Rainey’s death in state custody, then, is only one part of this tragic story. The bigger part, and probably the more relevant, is that our jails and prisons have become de facto mental hospitals. The National Alliance on Mental Illness reports that nearly 15 percent of men and 30 percent of women booked into jails have serious mental health conditions and that many receive inadequate care and experience worsening symptoms. The people running correctional facilities are often asked to care for some of the most difficult-to-treat patients in society. Prison guards, however, are frequently untrained and ill-equipped to handle these patients. When those in charge are put in difficult situations, they will inevitably make mistakes, sometimes with terrible consequences.
In this instance, Rainey has covered himself and the walls of his one-man cell with his own excrement. His guards were literally left to their own devices to deal with the mess. Since this was not the first time Rainey had done this and then refused to wash himself, according to investigators, the guards placed him in the remotely controlled shower so he could not refuse to start the flow of water and told him to wash off before he could come out.

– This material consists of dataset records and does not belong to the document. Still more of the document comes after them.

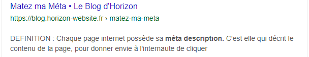 Elle doit résumer en 160 caractères maximum le contenu web de la page en question, pour donner envie à l’utilisateur d’en savoir plus.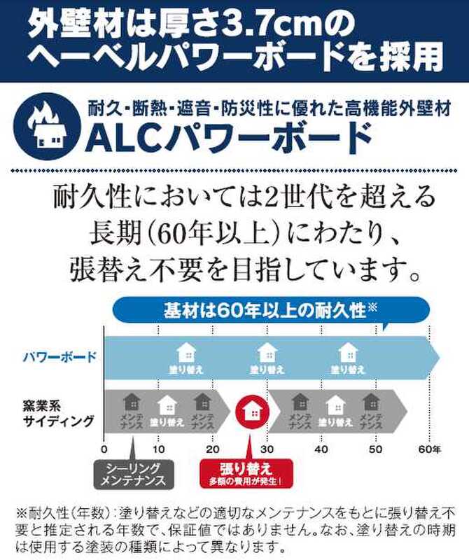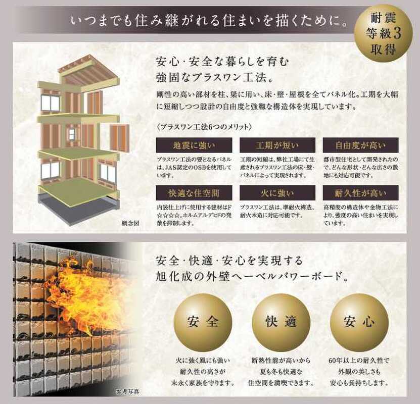 ■耐震最高等級取得(耐震等級3) 建築基準法に定められている耐震基準の1.5倍の耐震強度!■耐火性・耐久性に優れた厚み37ミリ次世代高機能外壁材「ヘーベルパワーボード」を採用しております。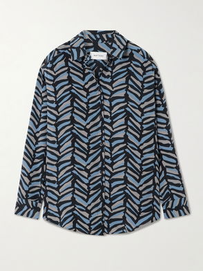 The Gillian Ruched Houndstooth Silk-Crepe Blouse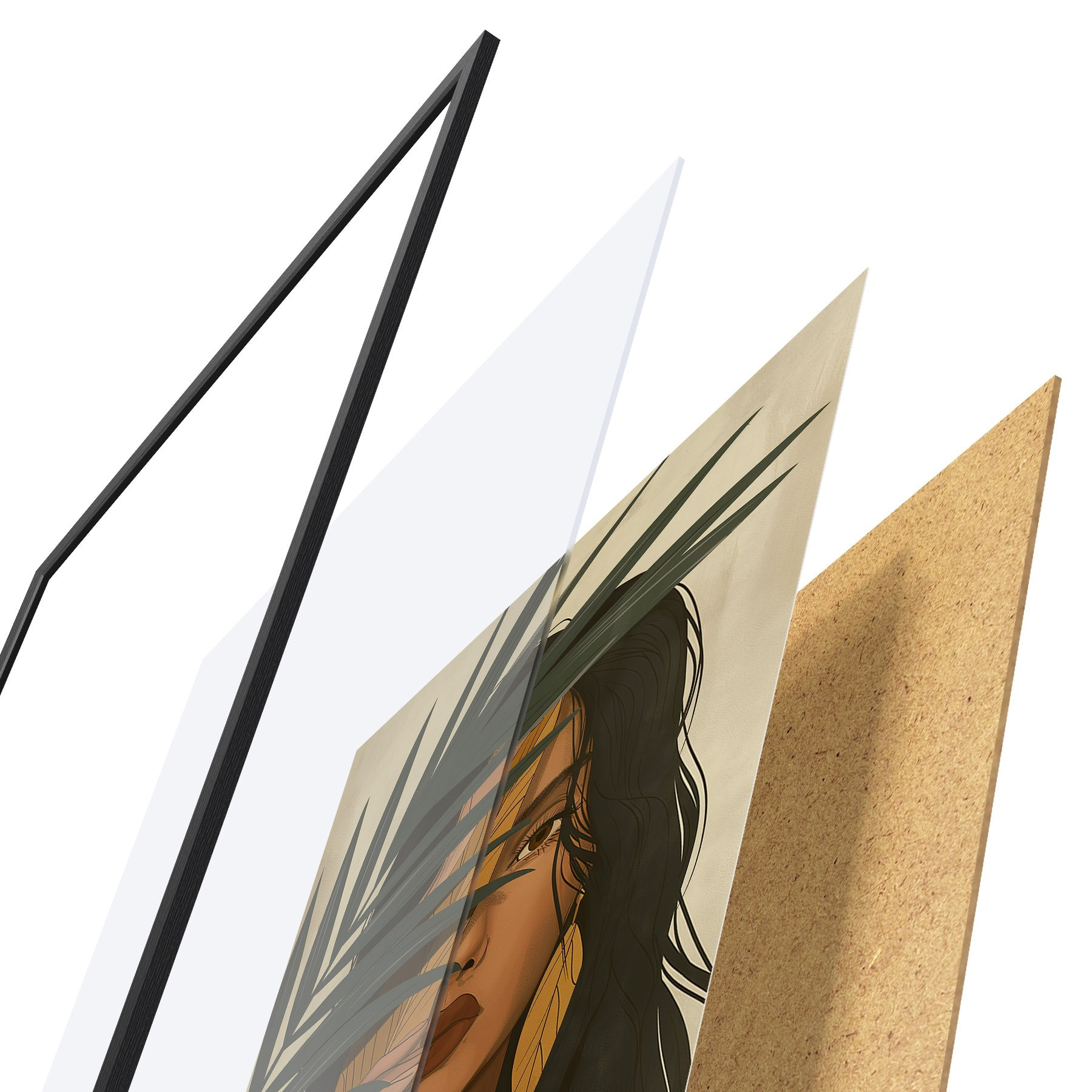 Il poster è composto da cornice, plexiglass, immagine stampata e supporto in truciolato. Il poster può essere immediatamente appeso alla parete grazie ai supporti sul retro.

Was it a mistake to leave an excrement-smeared prisoner in a running shower closet for nearly two hours? The results speak for themselves. But was it a deliberate act of abuse, ranging upward to a potential criminal homicide – and could that position have been proved in court? The office of Miami-Dade State Attorney Katherine Fernandez Rundle concluded that it could not, and the report clearly illustrates why.
While many of us would tend to dismiss the guards’ statements in this situation as collusive and self-serving, especially when taken nearly two years after the event, photographs of the shower and the statements of nurses (who were employed by a third-party contractor, rather than the prison itself) bolster their case. The report also cited major inconsistencies in inmates’ accounts, which conflicted both with video evidence and with one another, and which also made it unlikely a jury would find them convincing.
It is the job of prosecutors to hold people responsible for criminal behavior – and never more so than when the victim is a powerless individual and the supposed perpetrators are state employees in whose custody that victim had been placed. But state employees are entitled to the same presumption of innocence as everyone else. Fairness dictates that outsiders, including journalists, present both sides of the story.
For me, the key to that less-expected side was in the photographs included in the state attorney’s investigative report made public on Friday, which showed the supposed murder weapon in detail: a single stream of water fed by a sink connected to a hose in a long shower stall, from which anyone could have easily stood aside.
A man died while in state custody at an unnaturally early age. Such circumstances should always demand investigation. The fact that this one took two years to get started and three additional years to complete – and then only when subject to press scrutiny – reflects well on nobody involved. But in this case, it seems most likely that the blame rests on an overburdened system responding to a not-obviously criminal circumstance, rather than any attempt to cover criminal wrongdoing.
It is easy to make the case that Rainey’s death was a tragedy. It is plainly much more difficult to make the case that it was a crime, and it is not a prosecutor’s job to search for scapegoats or reach for convictions unsupported by the evidence. Sometimes justice does not deliver the answer we want – or the one we expected to find.